ISBN 978-1-84976-386-8

Joseph Mallord William Turner The High Street, Oxford c.1837-9

Joseph Mallord William Turner 1775–1851
The High Street, Oxford c.1837–9
D25485
Turner Bequest CCLXIII 362
Pencil and watercolour on white wove paper, 382 x 558 mm
Watermark ‘J Whatman | 1837’
Blind-stamped with Turner Bequest monogram towards bottom right
Stamped in black ‘CCLXIII – 362’ bottom right
Accepted by the nation as part of the Turner Bequest 1856
This is one of five loose colour studies (the others being Tate D25125, D25126, D25127, D25228; Turner Bequest CCLXIII 3, 4, 5, 106) showing the view west up Oxford’s High Street, comparable with that seen in the oil painting High Street, Oxford, exhibited in 1810 (private collection, on loan to the Ashmolean Museum, Oxford)1 and engraved in 1812 (no Tate impressions). A sixth shows the view in the opposite direction (Tate D36316; Turner Bequest CCCLXV 26).

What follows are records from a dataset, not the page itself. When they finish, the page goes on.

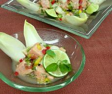 | 「セヴィッチェ」とは、メキシコに限らず中南米の国々でよく作られている料理の一つです。日本料理風に伝えるのであれば、「新鮮な魚介類のキズシ」と言えばよいでしょうか?食べやすく切り分けた魚介類をたっぷりのライムやレモンジュースに漬け込み、白く変色してから野菜やオリーブ油などを加えて調味した前菜としての料理です。 |
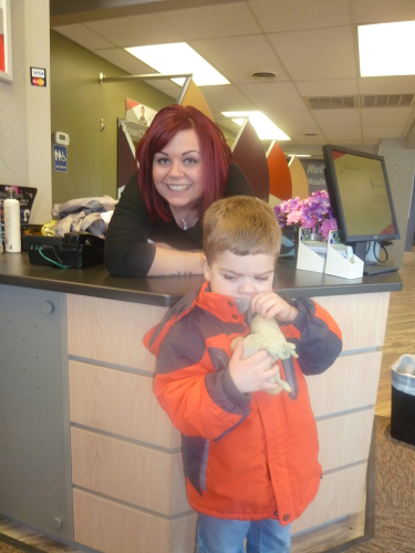 Daddy and I went to stay with Grandma Wynne and Grandpa Al for the weekend so Mommy could do homework in peace, and I got my hair cut by the nice lady in the picture. I didn't like the hair cut so much, but I went to the toy store and got Connor afterward so it was all okay.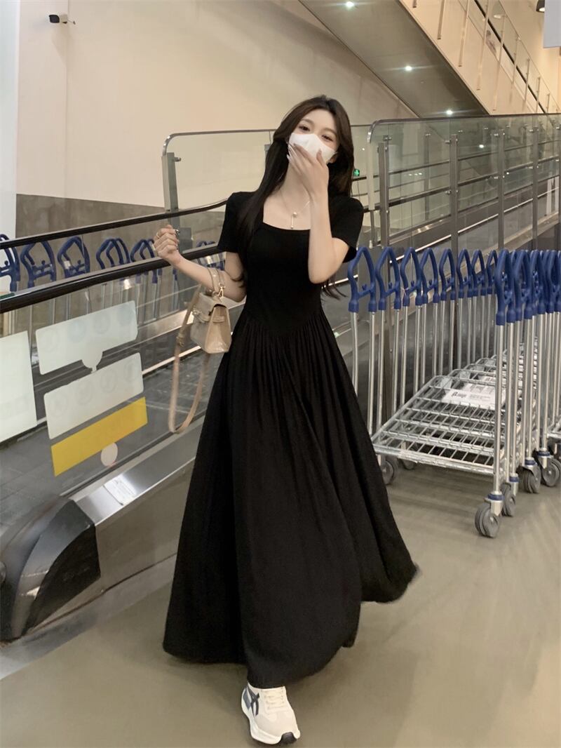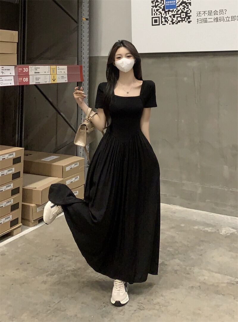 黒のスクエアカラードレスの女性の夏の 2023 新しいフレンチヘップバーンスタイルのハイエンドスリムロングスカート ブラック サマー 夏物 スクウェア 8571670514596213

Andrew Wilton has suggested that the group of five was made between about 1830 and 1835, based on a pencil drawing in the 1830 Kenilworth sketchbook (Tate D21976; Turner Bequest CCXXXVIII 1a),2 made from the junction with Queen’s Lane, with The Queen’s College in the right foreground, University College further down the High Street on the left, the spire of St Mary’s Church beyond All Souls College on the right, and the spire of All Saints Church in the distance. There are separate sketches showing variations on the view, made in about 1798 (Tate D00666, D08219; Turner Bequest XXVII E, CXX F) and two later ones in the Oxford sketchbook, in use between about 1834 and 18383 (Tate D27903, D27908; Turner Bequest CCLXXXV 2a, 5a). Anne Lyles has noted that the Kenilworth sketch only corresponds closely with D25126 and D25228 (CCLXIII 4, 106).4
Wilton’s suggestion that the five colour studies were ‘almost certainly preliminary exercises’ towards a design for Turner’s Picturesque Views in England and Wales has been followed by later commentators;5 his assertion that ‘the whole group was evidently done at one sitting’6 seems feasible. However, his dating of all five to the early 1830s is rendered impossible by the 1837 watermark of the present sheet, as is John Gage’s ‘c.1832/5’,7 relating them to the watercolour Christ Church College, Oxford of about 1832 (Ashmolean Museum, Oxford),8 engraved in that year for England and Wales (Tate impressions: T05094, T06108).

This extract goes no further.